コロナ診療、一般病院で 5類移行後1・5倍に拡大

 新型コロナウイルスの5類移行後の医療体制を巡り、政府が数カ月~1年程度の移行期間を設けた上で、内科・小児科など季節性インフルエンザを診療する約6万4千の一般の医療機関でコロナ患者を診る体制への移行を目指していることが17日、分かった。公費負担の対象となっているコロナの医療費のうち、検査や解熱剤については移行日の5月8日から自己負担を求める方向で検討している。

新型コロナ5類移行後の医療体制ポイント
新型コロナ5類移行後の医療体制ポイント

 コロナ感染が疑われた際に受診する発熱外来は現在全国で約4万2千施設あり、診療体制が約1・5倍になる計算だ。移行期間中に施設数の拡大を図る。
 入院は現在、全国に約2千施設ある重点医療機関で主に受け入れているが、移行期間を経て、幅広い医療機関で受け入れる体制を目指す。仮に精神科病院(約千施設)を含む全国の約8200病院が受け皿になれば、入院できる施設は4倍超に増える。

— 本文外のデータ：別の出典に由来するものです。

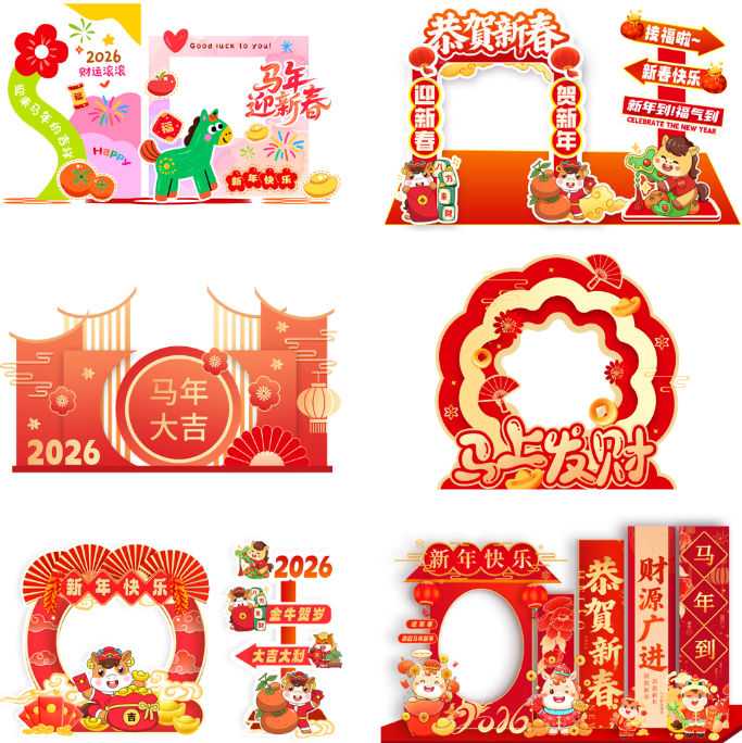 素材介绍:本作品内容为2026元旦马年活动美陈红色堆头背景板拍照框物料PS模板设计素材29套, , 大小0.85 GB; 欢迎使用。
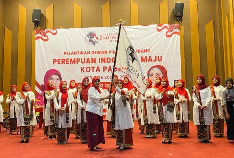 Ketua Dewan Pimpinan Cabang (DPC) Kota Padang, Perempuan Indonesia Maju (PIM) Irawati Meuraksa menerima pataka dari Ketua Dewan Pimpinan Daerah (DPD) Perempuan Indonesia Maju (PIM) Sumatera Barat (Sumbar) Hj. Emma Yohana di Gedung Youth Center, Jalan Bagindo Aziz Chan No. 2 Padang, Selasa (3/10). IST

 移行期間中には、患者を受け入れる際の診療報酬の特例や病床確保料を徐々に縮小する方向。個室単位での柔軟な患者の受け入れを呼びかける院内感染対策ガイドラインの周知や、設備整備の支援も検討している。
 医療費は現在、医師が必要と判断した検査の費用や入院費、コロナ診断後から療養期間終了までの治療費などが公費で負担されている。5月8日からはインフルエンザと同様に検査費用や解熱剤などの薬は自己負担を求める案を検討している。

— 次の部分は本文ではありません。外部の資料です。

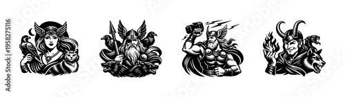 Obraz premium Nordic mythology characters vector illustration, black and white silhouette...
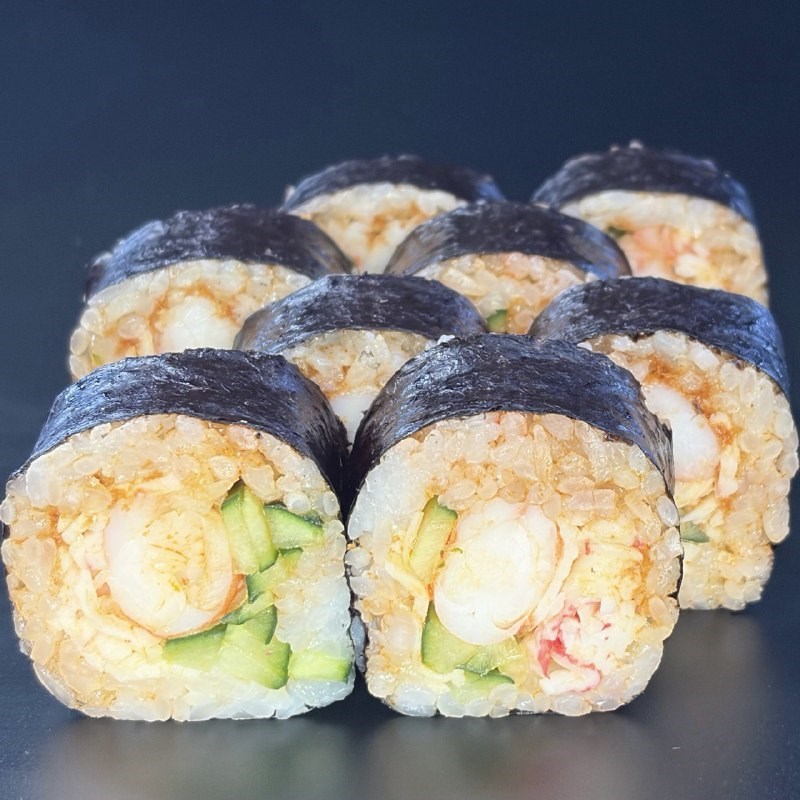 Креветка, снежный краб, огурец, соус Том Ям, рис, нори

 治療薬の中には、1人の治療にかかる薬価が10万円を超える高額なものがある。こうした薬については当面、公費負担を続ける必要があるとの意見が政府内にある。
 現在行政が担っているコロナ患者の入院調整は、5類移行後も当面、感染拡大時のほか、重症者や妊婦などに対しては続ける方向で検討している。将来的には原則医療機関の間で調整する体制への移行を目指す。
 政府はこれらの5類移行後の医療費公費負担や医療提供体制について関係者とさらに調整し、3月上旬をめどに具体策を示す方針。